13.8.1 BNL

There are three types of ADS under study at BNL (Takahashi, 1997).

The accelerator driven energy producer (ADEP) (Bonnaue et al., 1986) is intended for energy production, incineration of MA and LLFP. This concept uses a small power accelerator similar to that of a segmented cyclotron.

The concept is close to that of the conventional Pu fuelled fast reactor, but is run in slightly sub-critical conditions of keff equal to 0.98-0.99. The cyclotron with a few mA current and 3 GeV energy protons supplies a small spallation source.

The fuel in the ADEP core region is 9Pu + U, and MA in metal and oxide forms.

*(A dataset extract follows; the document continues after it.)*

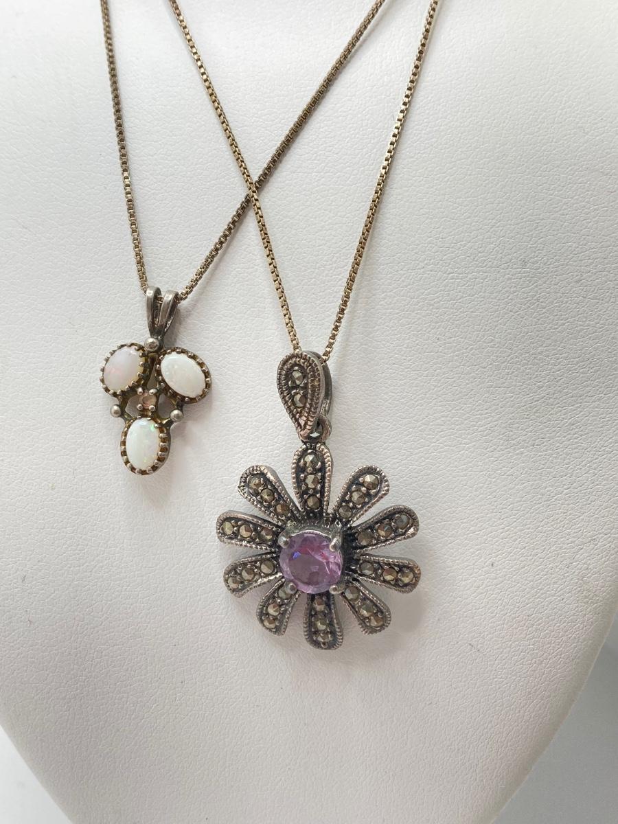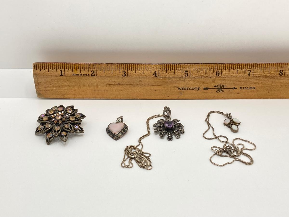 LOT 43: Collection of Vintage Sterling Pendants and Necklaces and More

The reactor has thorium oxide in the blanket region. For transmuting the LLFP such as 99Tc and 129I (by neutron capture), the moderator region is installed between the outer core and blanket. To increase the production of 233U, the moderator region can be fuelled with thorium oxide.

The second approach, known as the Phoenix concept (Van Tuyle et al., 1993) (Figure 13.1) has the purpose of transmuting large amounts of MAs and LLFPs. It is based on modules of accelerator driven sub-critical lattices containing minor actinide fuel. From 1-8 modules serve as a target for an expanded proton beam of power 104 mA of 1.6 GeV protons. Each module of the core has a keff of 0.9 and is based on the fast flux test facility (FFTF) approach, e. g. oxide fuel elements and sodium cooling; with this specification the power generated would be 3600 MW.

The third concept is the accelerator driven particle fuel transmutator (ADPF) (Takahashi, 1990) which also transmutes MAs and LLFPs but at higher rate. This is achieved by means of a high neutron flux via the use of particle fuel.

Particle fuel can be used to generate high thermal power densities, because of its large heat transfer area (Takahashi, 1990). Helium is taken as the coolant because of the data available from conventional HTR technology.